* _Problem_:
Below are some records; quote exactly the lines from the one that contains "Monica Vitti, Terence" through the one that contains "转山的方向也很有讲究,佛教是", inclusive, and no others.

* _Materials provided_:
'''

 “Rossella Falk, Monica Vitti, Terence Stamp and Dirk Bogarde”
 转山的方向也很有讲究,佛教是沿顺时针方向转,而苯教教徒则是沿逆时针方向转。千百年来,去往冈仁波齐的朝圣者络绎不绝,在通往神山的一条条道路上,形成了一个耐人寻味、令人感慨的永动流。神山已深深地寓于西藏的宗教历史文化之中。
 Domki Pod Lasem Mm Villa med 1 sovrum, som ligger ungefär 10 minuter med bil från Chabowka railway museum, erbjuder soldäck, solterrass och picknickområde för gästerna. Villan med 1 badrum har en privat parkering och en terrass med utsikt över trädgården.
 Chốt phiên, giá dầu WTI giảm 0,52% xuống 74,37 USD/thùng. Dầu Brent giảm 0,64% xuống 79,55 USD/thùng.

'''
'''

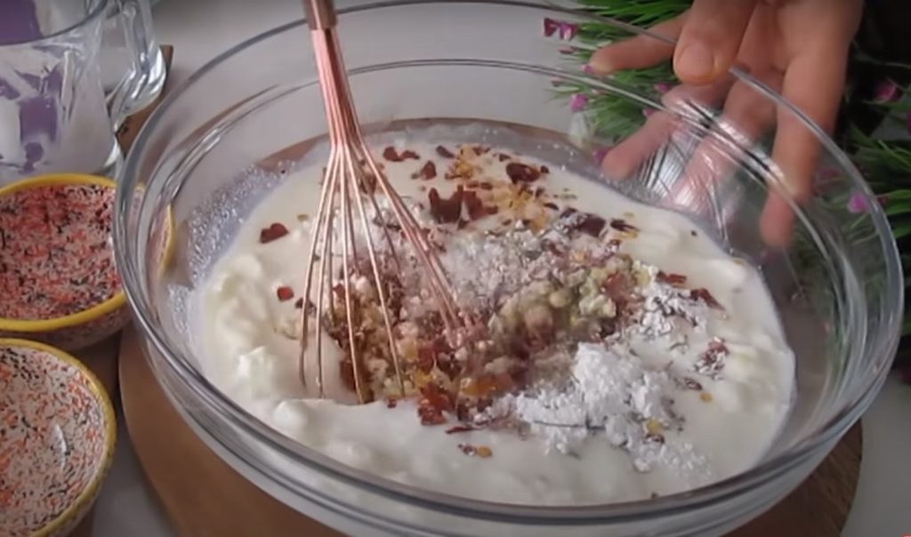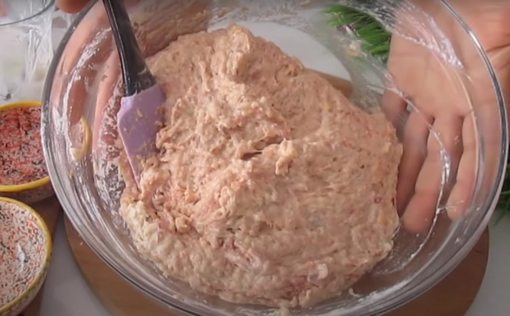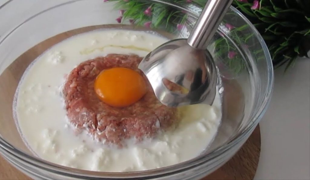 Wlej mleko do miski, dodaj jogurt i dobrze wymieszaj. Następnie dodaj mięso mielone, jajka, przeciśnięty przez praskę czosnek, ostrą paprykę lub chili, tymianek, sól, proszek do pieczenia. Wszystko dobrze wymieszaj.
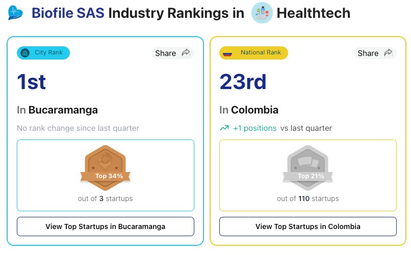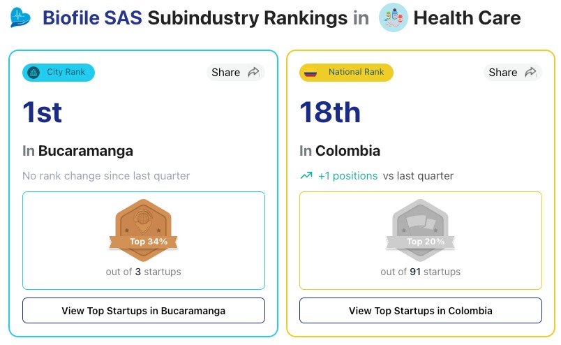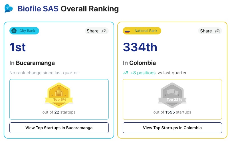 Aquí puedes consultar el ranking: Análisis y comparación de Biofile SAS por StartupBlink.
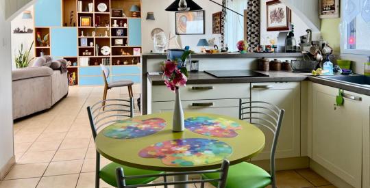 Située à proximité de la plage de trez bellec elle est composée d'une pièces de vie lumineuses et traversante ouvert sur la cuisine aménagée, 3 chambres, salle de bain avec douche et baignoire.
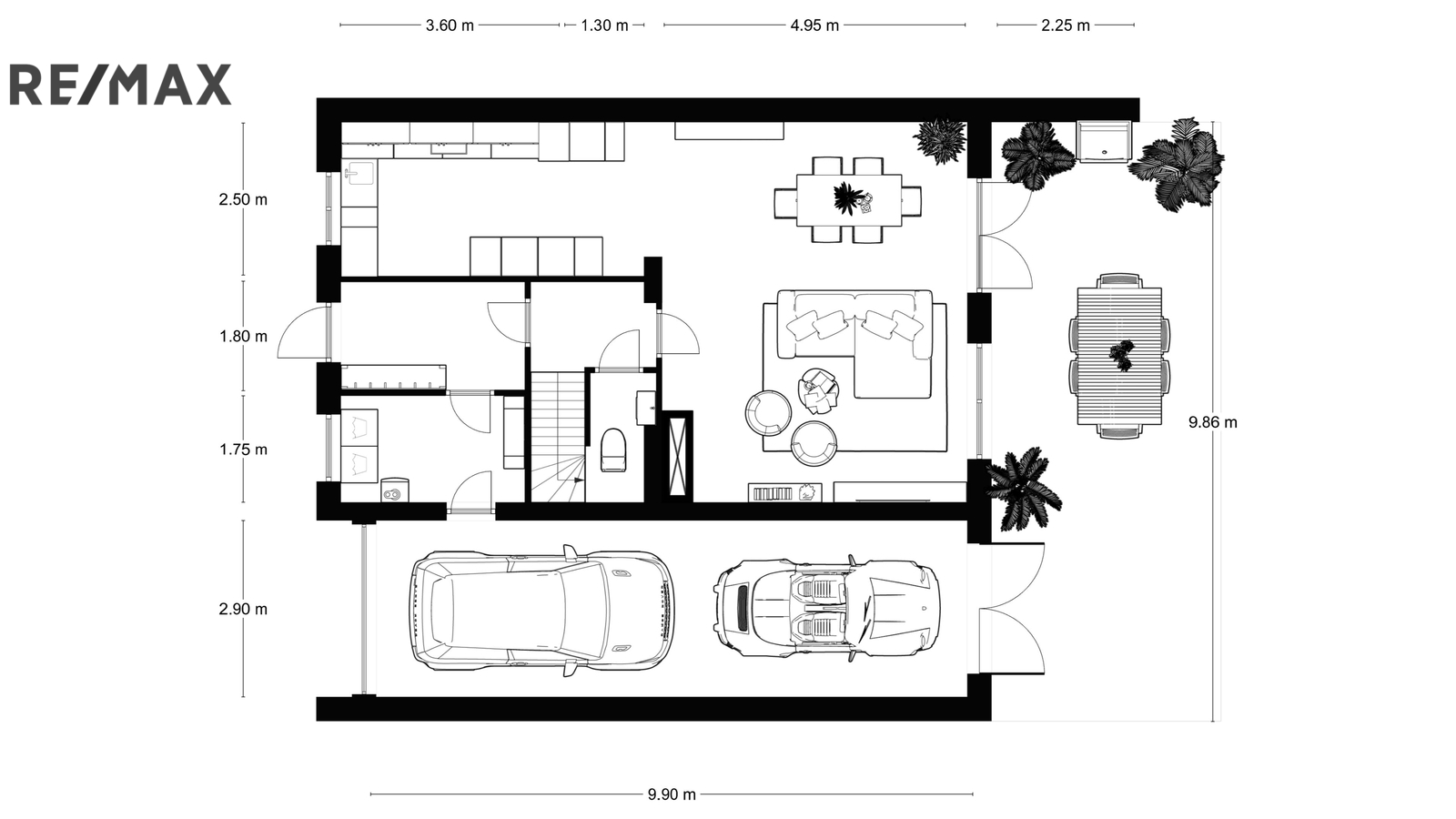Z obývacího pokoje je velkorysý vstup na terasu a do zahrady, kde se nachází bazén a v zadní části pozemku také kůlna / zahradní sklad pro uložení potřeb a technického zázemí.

'''

* _Task result_:
 “Rossella Falk, Monica Vitti, Terence Stamp and Dirk Bogarde”
 转山的方向也很有讲究,佛教是沿顺时针方向转,而苯教教徒则是沿逆时针方向转。千百年来,去往冈仁波齐的朝圣者络绎不绝,在通往神山的一条条道路上,形成了一个耐人寻味、令人感慨的永动流。神山已深深地寓于西藏的宗教历史文化之中。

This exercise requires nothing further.